El país se encuentra en un momento crítico en cuanto al crecimiento de la violencia y de la criminalidad. Desde la Presidencia de la República y la Asamblea Nacional únicamente han atinado a usar fórmulas ya conocidas y fallidas, las viejas confiables de apostar por reforzar el poder de la fuerza pública sin pedirles rendir cuentas, facultarles para hacer un uso arbitrario e indiscriminado de la fuerza y, respaldar la impunidad advirtiendo que la administración de justicia debería dejarles actuar sin limitaciones.
Adicional a esto, nuevamente estas funciones del Estado impulsan la reforma de las leyes para aumentar las penas, hacer de la privación de la libertad la regla general, pese a nuestra cruenta realidad carcelaria. Y, por si fuera poco, un grupo de asambleístas han presentado un proyecto de ley que busca que los adolescentes sean tratados como adultos en cuanto a su responsabilidad penal.
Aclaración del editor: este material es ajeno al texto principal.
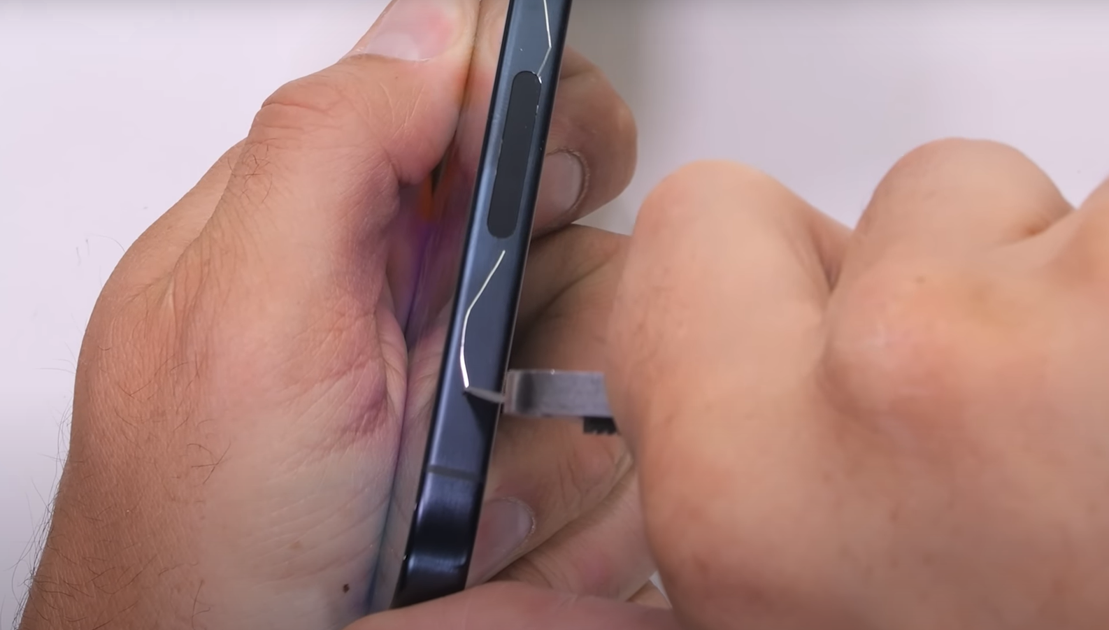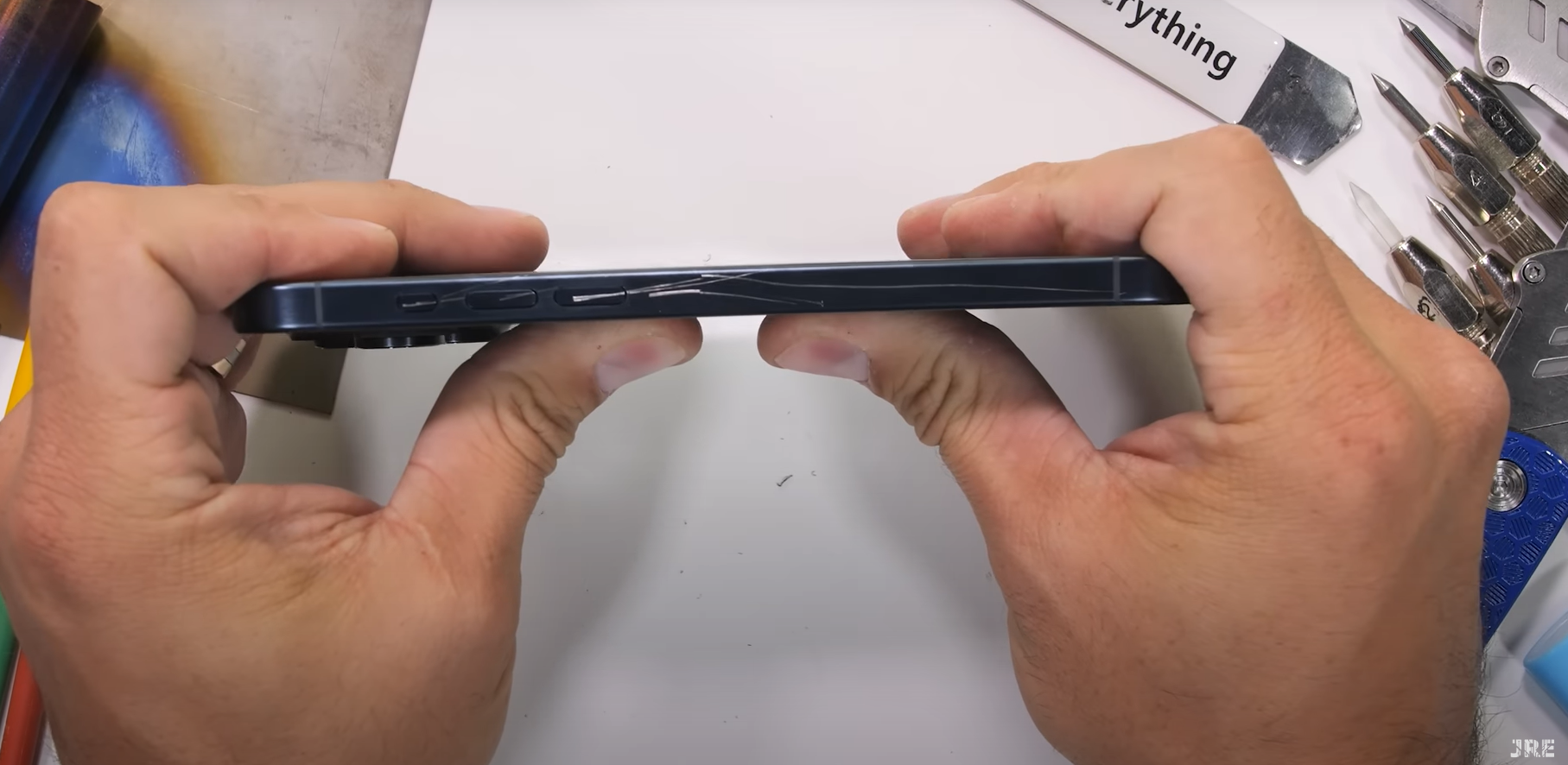 但來到徒手屈曲時,iPhone 15 Pro Max在他手中一屈,機背玻璃隨即「綻放」出大量裂紋。Nelson直言︰「老實講……我沒預料會有這結果(I did not see that one coming)。大家在過去約11年來,也看過我的手機耐用度測試,大部分手機不會(用這種情況下)爛掉」,「而iPhone尤其很少爛」。他並指其iPhone 15 Pro Max的破震來得「不正常地快」(abnormally quick),令他感到震驚。至於體積較小的iPhone 15 Pro則沒有被屈裂。
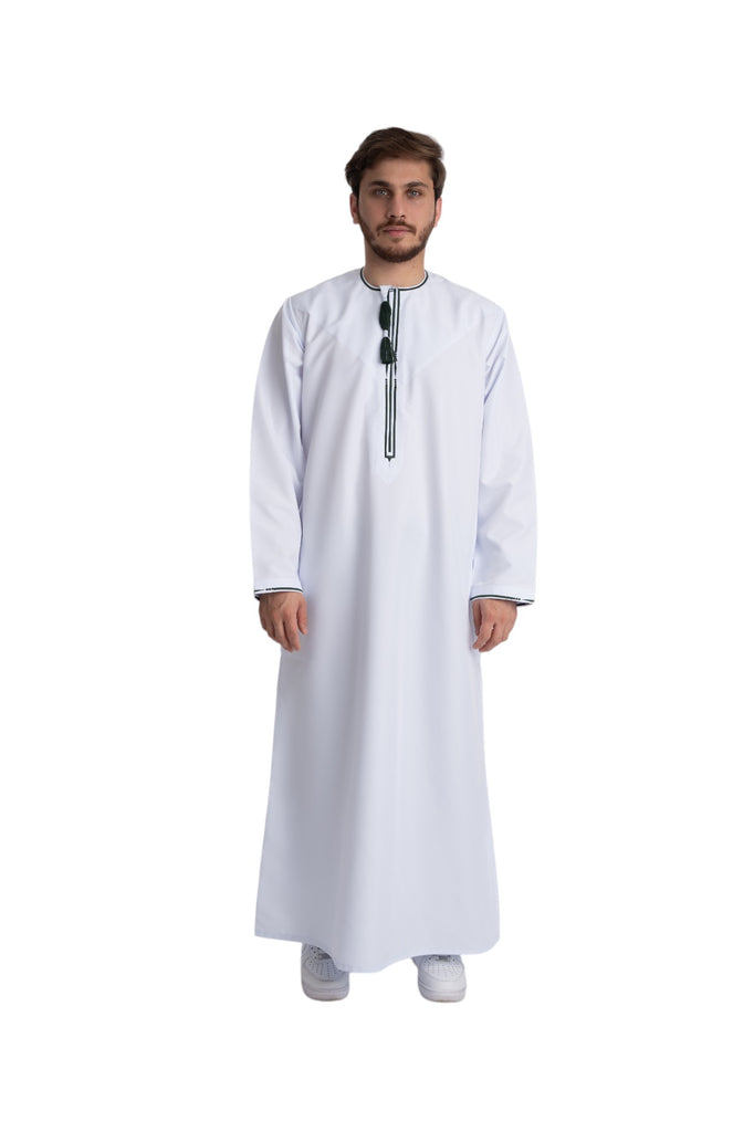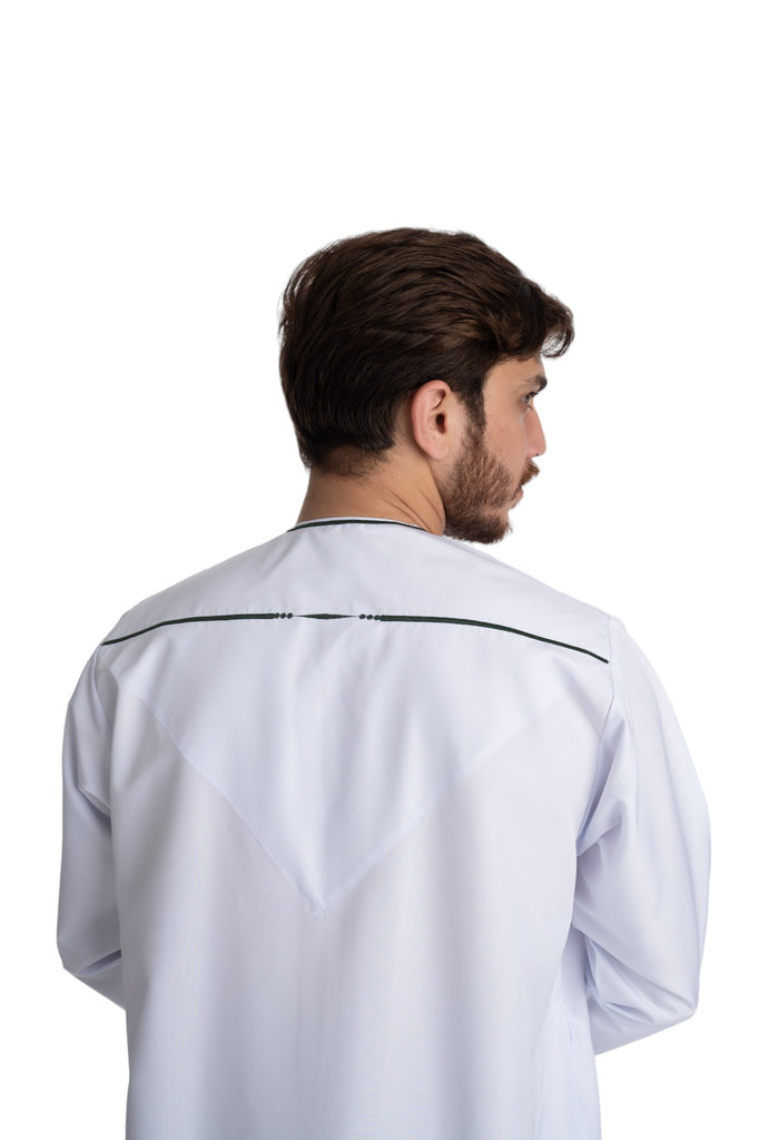 Introducing Haya White Omani #002 Forest, the authentic and luxurious thobe expertly handcrafted in Muscat, Oman. Adorned with intricate Buraimi embroidery on the cuff, neck, placket, and back of shoulders, this elegant and sophisticated piece from Hub Alhaya Exclusive Design is perfect for Eid and beyond. Elevate your wardrobe with this exclusive thobe now.

Todas estas fórmulas apelan a las soluciones fáciles e inmediatas, explotan el sentimentalismo a través de la demagogia y el populismo, pero en la práctica esta llamadas “soluciones” no han generado resultados efectivos en contra de la delincuencia. Más bien han elevado la conflictividad, generado grupos de poder en el Estado que actúan con impunidad, e incluso producido violaciones de derechos humanos, entre ellas, desapariciones forzadas, ejecuciones extrajudiciales, torturas, violencia sexual y persecución a opositores políticos.
En el aire se huele un rancio recordatorio a los sangrientos años setenta, ochenta e incluso noventa, resuenan casos como el de los hermanos Restrepo, la profesora Consuelo Benavides, el caso Fybeca, entre muchos y muchos otros. La verdad es que la violencia estatal es un problema no superado que se agrava ante discursos políticos que justifican lo injustificable. Sirvan de ejemplo el caso del joven Paúl Guañuna, los múltiples agredidos en las protestas de octubre e incluso el femicidio de María Belén Bernal.
Proponemos tres soluciones que han generado resultados más favorables en otros contextos geográficos cercanos como el de la ciudad de Medellín en Colombia, de Costa Rica en Centroamérica, o incluso, de contextos un poco más alejados como el de los países nórdicos y sus sistemas de rehabilitación.
Aumentar la inversión en todos los derechos, pero en especial en derechos sociales. Quien tiene techo, alimento, educación, salud, seguridad social y la posibilidad de generarse un sustento diario, es decir quienes encuentran satisfechas sus necesidades vitales, no suelen delinquir. Para muchos la cárcel es el único servicio que les ha proporcionado el Estado.
Fortalecer el sentido de comunidad y los servicios de los barrios, no tiene falla. Los lugares que gozan de posibilidad de integración entre sus miembros reducen la posibilidad de conflicto, los barrios en los cuales se generan posibilidad de cuidado, recreación y desarrollo de capacidades y habilidades generan un contexto en el que los niños y niñas son menos proclives a ser reclutados por bandas delictivas.
Instituir programas de rehabilitación a largo y mediano plazo que se basen en el ejercicio de derechos, la sociabilidad y la reintegración de las personas, esto en lugar del castigo y la punición. Es ridículo intentar enseñar a vivir a las personas en sociedad encerrándoles en lugares insufribles, de los cuales en ocasiones no saldrán vivos, o si salen, saldrán totalmente corrompidos.